Task details:
Copy the entries below word for word, but omit any pictures they contain.

━━━━━━━━━━

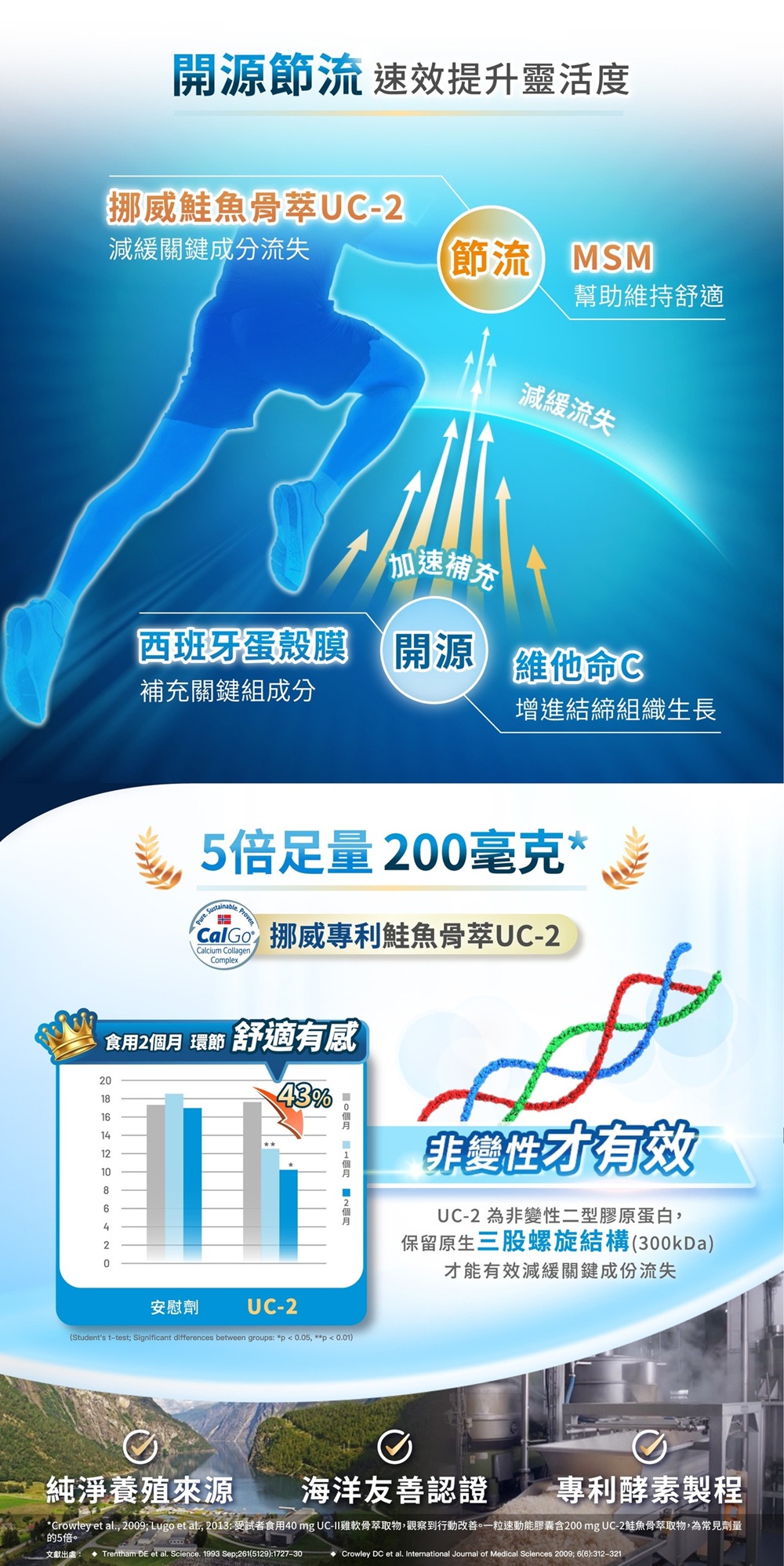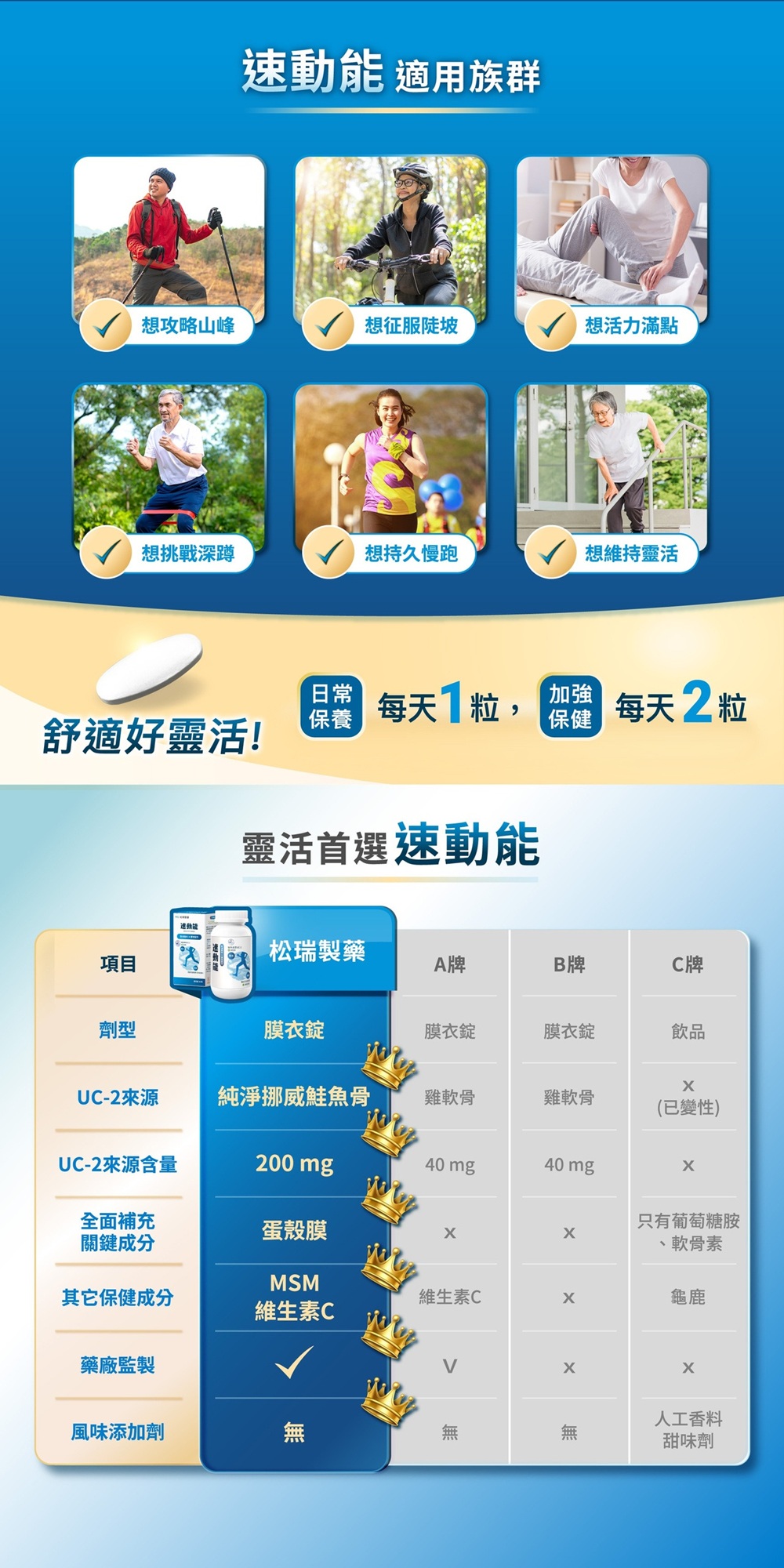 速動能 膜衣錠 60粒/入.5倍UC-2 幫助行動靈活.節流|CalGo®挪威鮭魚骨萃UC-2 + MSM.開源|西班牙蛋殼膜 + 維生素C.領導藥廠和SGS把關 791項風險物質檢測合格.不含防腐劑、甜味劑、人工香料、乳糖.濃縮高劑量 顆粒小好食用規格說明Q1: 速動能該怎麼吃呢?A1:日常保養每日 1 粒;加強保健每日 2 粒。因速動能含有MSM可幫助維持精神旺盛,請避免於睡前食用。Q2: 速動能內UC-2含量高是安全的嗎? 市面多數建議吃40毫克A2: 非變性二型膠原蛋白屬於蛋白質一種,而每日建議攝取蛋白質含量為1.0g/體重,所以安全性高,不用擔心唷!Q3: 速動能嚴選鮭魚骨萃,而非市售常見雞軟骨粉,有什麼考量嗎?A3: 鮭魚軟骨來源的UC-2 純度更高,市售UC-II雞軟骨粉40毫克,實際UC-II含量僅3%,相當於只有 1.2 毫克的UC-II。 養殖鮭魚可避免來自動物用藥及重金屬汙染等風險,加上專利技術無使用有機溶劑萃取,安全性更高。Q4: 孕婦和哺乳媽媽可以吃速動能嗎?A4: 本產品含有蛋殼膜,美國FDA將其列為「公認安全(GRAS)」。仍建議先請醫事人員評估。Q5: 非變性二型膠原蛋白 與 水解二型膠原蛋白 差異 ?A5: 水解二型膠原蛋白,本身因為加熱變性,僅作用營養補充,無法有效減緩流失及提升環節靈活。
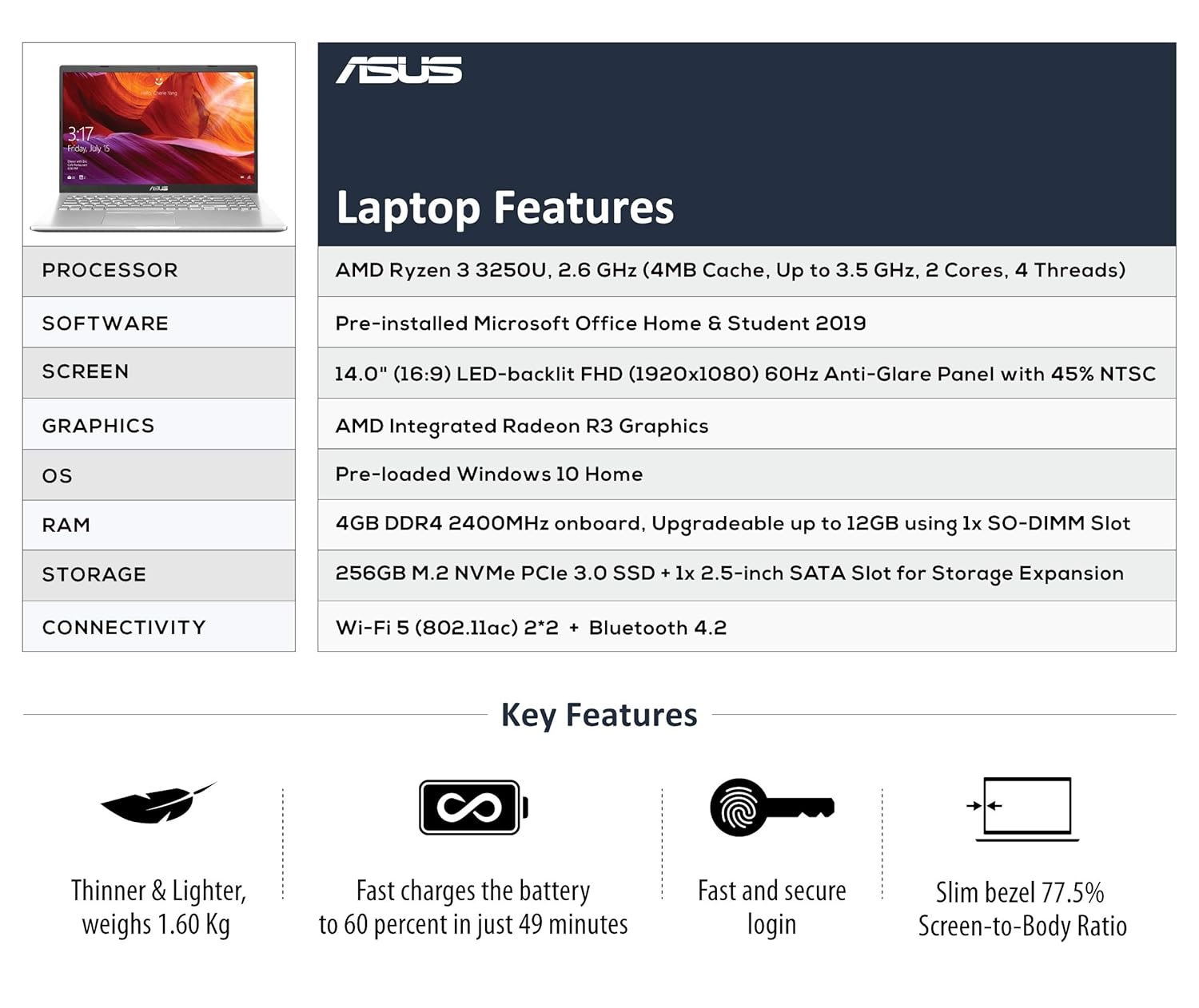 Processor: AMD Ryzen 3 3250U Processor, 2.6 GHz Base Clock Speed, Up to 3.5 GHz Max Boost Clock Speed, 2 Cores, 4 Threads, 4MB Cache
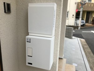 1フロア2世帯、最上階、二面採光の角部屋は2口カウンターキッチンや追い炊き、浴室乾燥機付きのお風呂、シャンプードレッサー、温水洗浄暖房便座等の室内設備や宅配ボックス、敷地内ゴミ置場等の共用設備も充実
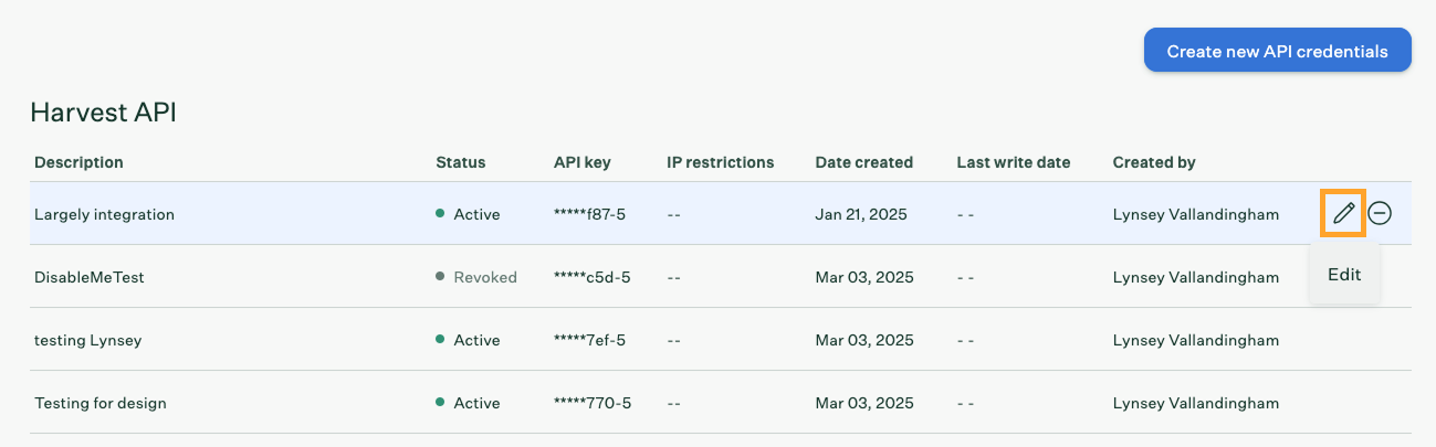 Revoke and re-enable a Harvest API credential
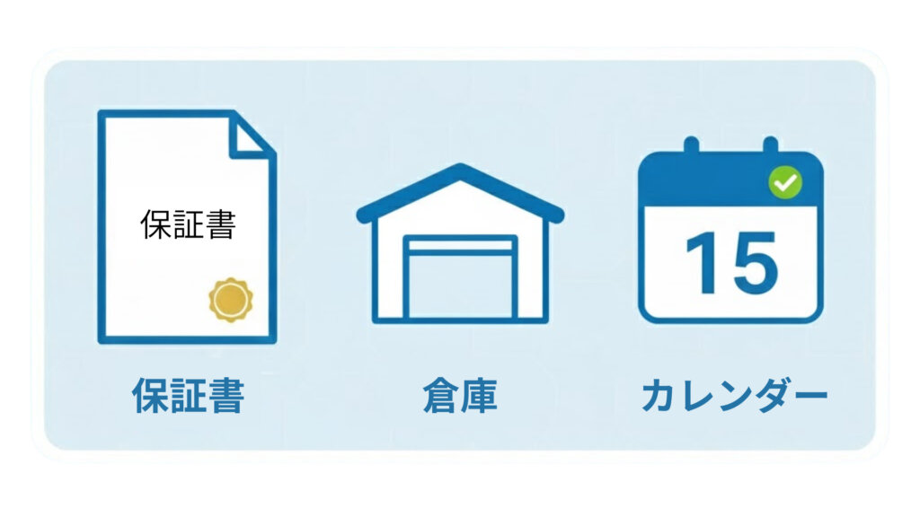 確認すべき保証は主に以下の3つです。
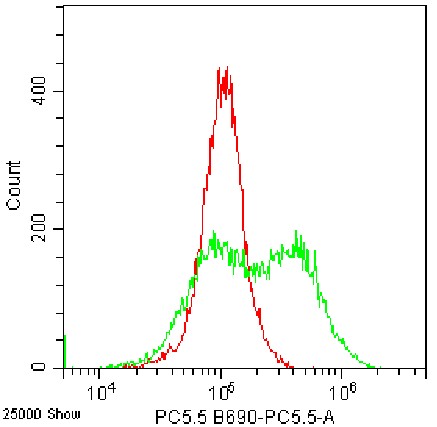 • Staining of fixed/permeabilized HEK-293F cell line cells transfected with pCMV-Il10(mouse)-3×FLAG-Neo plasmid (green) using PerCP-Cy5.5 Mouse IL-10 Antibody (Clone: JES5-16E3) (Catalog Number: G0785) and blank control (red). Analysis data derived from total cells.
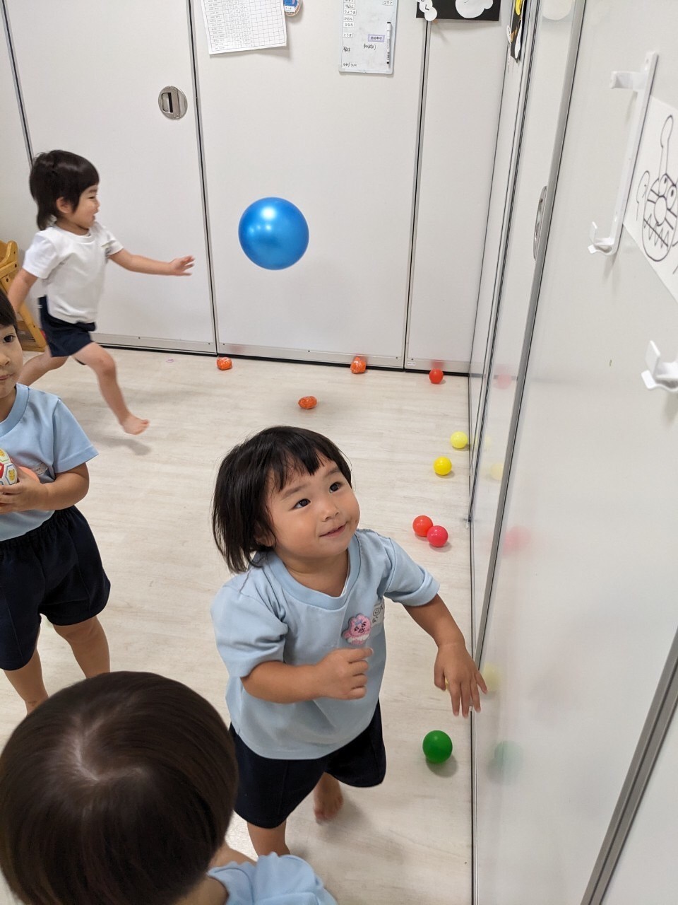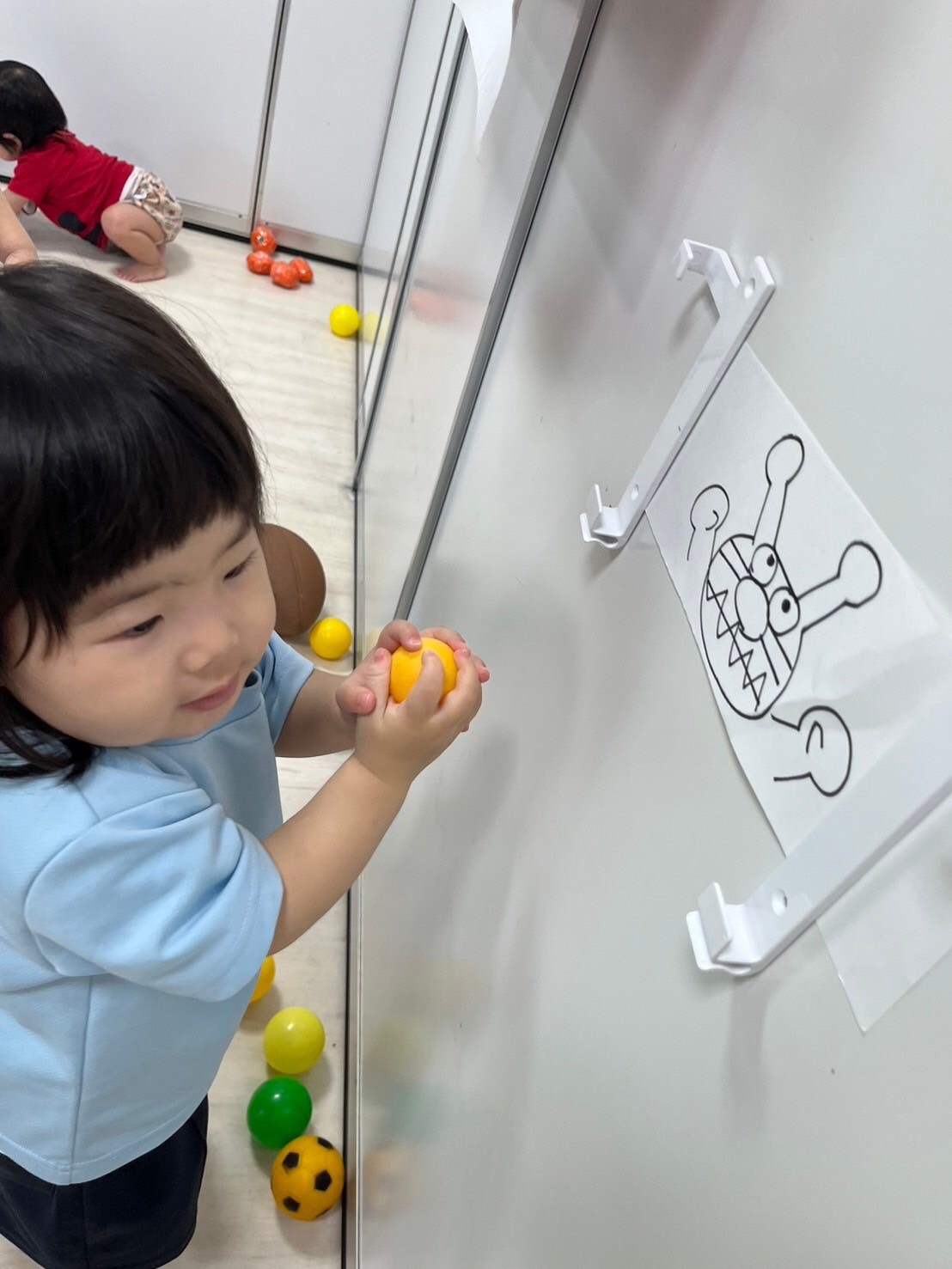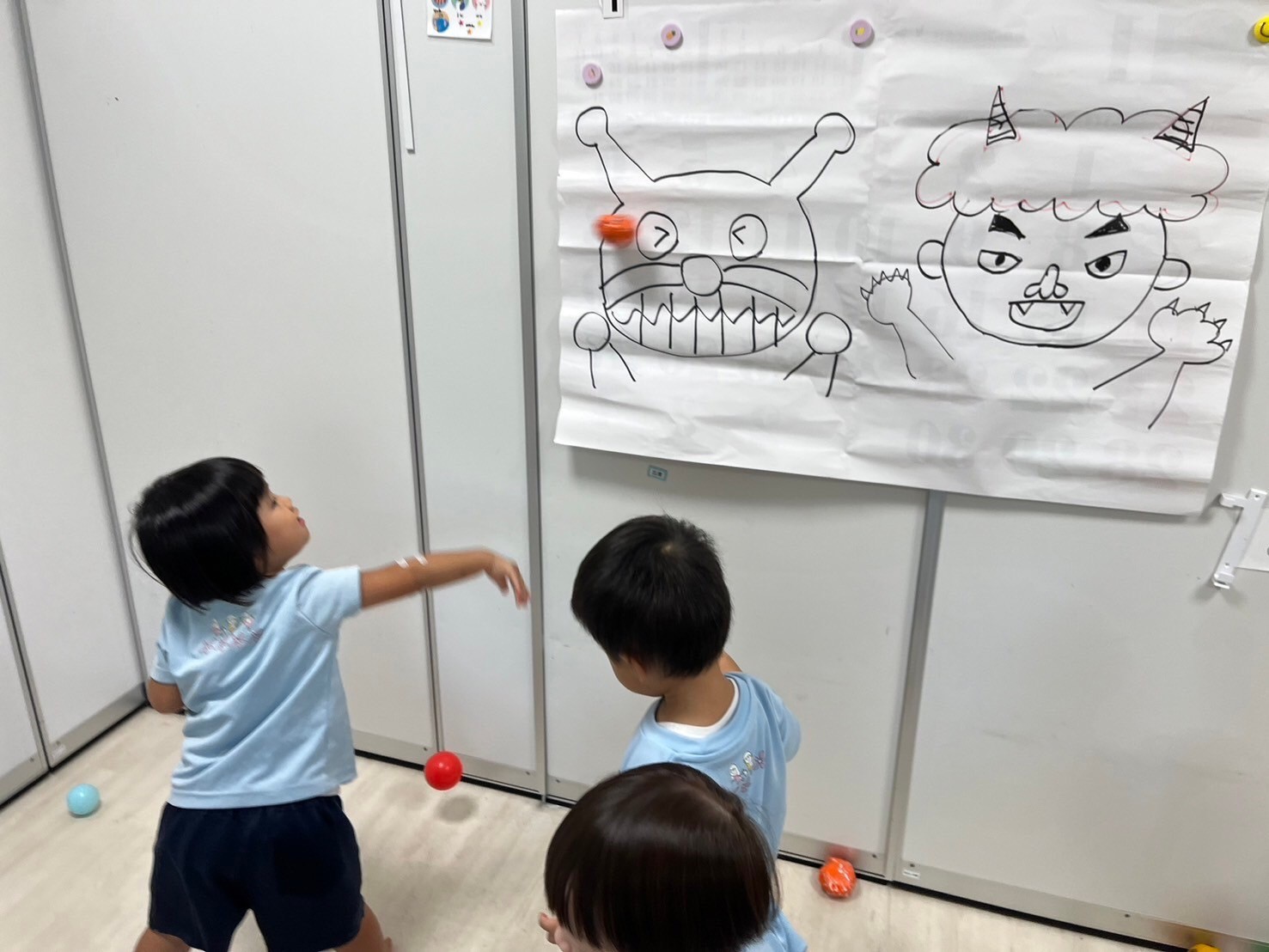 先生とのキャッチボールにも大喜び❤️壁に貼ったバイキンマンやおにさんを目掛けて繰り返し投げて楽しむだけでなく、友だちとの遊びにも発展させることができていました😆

━━━━━━━━━━

Answer area:
 速動能 膜衣錠 60粒/入.5倍UC-2 幫助行動靈活.節流|CalGo®挪威鮭魚骨萃UC-2 + MSM.開源|西班牙蛋殼膜 + 維生素C.領導藥廠和SGS把關 791項風險物質檢測合格.不含防腐劑、甜味劑、人工香料、乳糖.濃縮高劑量 顆粒小好食用規格說明Q1: 速動能該怎麼吃呢?A1:日常保養每日 1 粒;加強保健每日 2 粒。因速動能含有MSM可幫助維持精神旺盛,請避免於睡前食用。Q2: 速動能內UC-2含量高是安全的嗎? 市面多數建議吃40毫克A2: 非變性二型膠原蛋白屬於蛋白質一種,而每日建議攝取蛋白質含量為1.0g/體重,所以安全性高,不用擔心唷!Q3: 速動能嚴選鮭魚骨萃,而非市售常見雞軟骨粉,有什麼考量嗎?A3: 鮭魚軟骨來源的UC-2 純度更高,市售UC-II雞軟骨粉40毫克,實際UC-II含量僅3%,相當於只有 1.2 毫克的UC-II。 養殖鮭魚可避免來自動物用藥及重金屬汙染等風險,加上專利技術無使用有機溶劑萃取,安全性更高。Q4: 孕婦和哺乳媽媽可以吃速動能嗎?A4: 本產品含有蛋殼膜,美國FDA將其列為「公認安全(GRAS)」。仍建議先請醫事人員評估。Q5: 非變性二型膠原蛋白 與 水解二型膠原蛋白 差異 ?A5: 水解二型膠原蛋白,本身因為加熱變性,僅作用營養補充,無法有效減緩流失及提升環節靈活。
 Processor: AMD Ryzen 3 3250U Processor, 2.6 GHz Base Clock Speed, Up to 3.5 GHz Max Boost Clock Speed, 2 Cores, 4 Threads, 4MB Cache
 1フロア2世帯、最上階、二面採光の角部屋は2口カウンターキッチンや追い炊き、浴室乾燥機付きのお風呂、シャンプードレッサー、温水洗浄暖房便座等の室内設備や宅配ボックス、敷地内ゴミ置場等の共用設備も充実
 Revoke and re-enable a Harvest API credential
 確認すべき保証は主に以下の3つです。
 • Staining of fixed/permeabilized HEK-293F cell line cells transfected with pCMV-Il10(mouse)-3×FLAG-Neo plasmid (green) using PerCP-Cy5.5 Mouse IL-10 Antibody (Clone: JES5-16E3) (Catalog Number: G0785) and blank control (red). Analysis data derived from total cells.
 先生とのキャッチボールにも大喜び❤️壁に貼ったバイキンマンやおにさんを目掛けて繰り返し投げて楽しむだけでなく、友だちとの遊びにも発展させることができていました😆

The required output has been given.